В то время как «Радуга», гордый корабль водоизмещением свыше тридцати тонн, недавно вышедший со стапелей Салема, мчался к югу, устью Гудзона, Шаплею было отправлено письмо, назначавшее ему встречу в Салеме на начало сентября. Появление ребенка ожидалось в конце октября, и у «Радуги», возглавлявшей небольшой флот Пейрака, было достаточно времени, чтобы добраться до Голдсборо, где должны были состояться роды.
А затем, в зависимости от погоды и от наступления возможных ранних заморозков, новорожденный – граф или графиня – должен был предпринять свое первое на этом свете путешествие к истокам Кеннебека, этому ленному владению в Вапассу, чтобы провести там зиму, на что Анжелика очень надеялась. Несмотря на то удовольствие, которое она всякий раз испытывала от встречи со своими друзьями в Голдсборо, жизни на побережье она предпочитала уединение в глубине материка.

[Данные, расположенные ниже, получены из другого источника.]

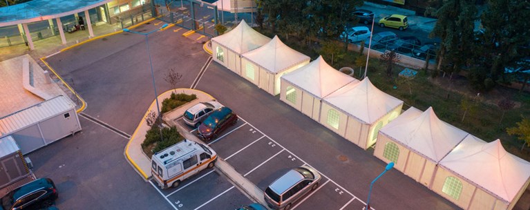 Σκηνές στήθηκαν και στους εξωτερικούς χώρους του Ιπποκράτειου Νοσοκομείου Θεσσαλονίκης, μετά το ΑΧΕΠΑ, σε μια προσπάθεια ενίσχυσης των υποδομών και κάλυψης των αυξημένων αναγκών που δημιουργούνται λόγω της πανδημίας.

И вот сейчас ей было душно в чистой и живительной атмосфере Мэна.
Влажная жара побережья, делавшаяся невыносимой, стоило лишь отойти от моря, угнетала ее. Порой она с трудом переводила дух. Отвратительный страх поднимался в ней. Еще совсем недавно воодушевленная, настолько воспарившая в облаках, что настоящее и будущее рисовались ей в самых радужных красках, она забыла об опасениях, но те внезапно коснулись ее своим крылом, подтачивая оптимизм, подобно мертвой зыби, раскачивающей шлюпку. Страх становился паническим.
В эти мгновения Анжелика ощущала себя слабой, ее охватывало беспокойство, знакомое всем женщинам, вынашивающим во чреве хрупкую плоть. Ответственная за этого ребенка, она чувствовала также ответственность за грозившее ему несчастье, которое, быть может, уже нависло над ним, и упрекала себя за неспособность предотвратить его. Ибо дитя счастья находилось под угрозой.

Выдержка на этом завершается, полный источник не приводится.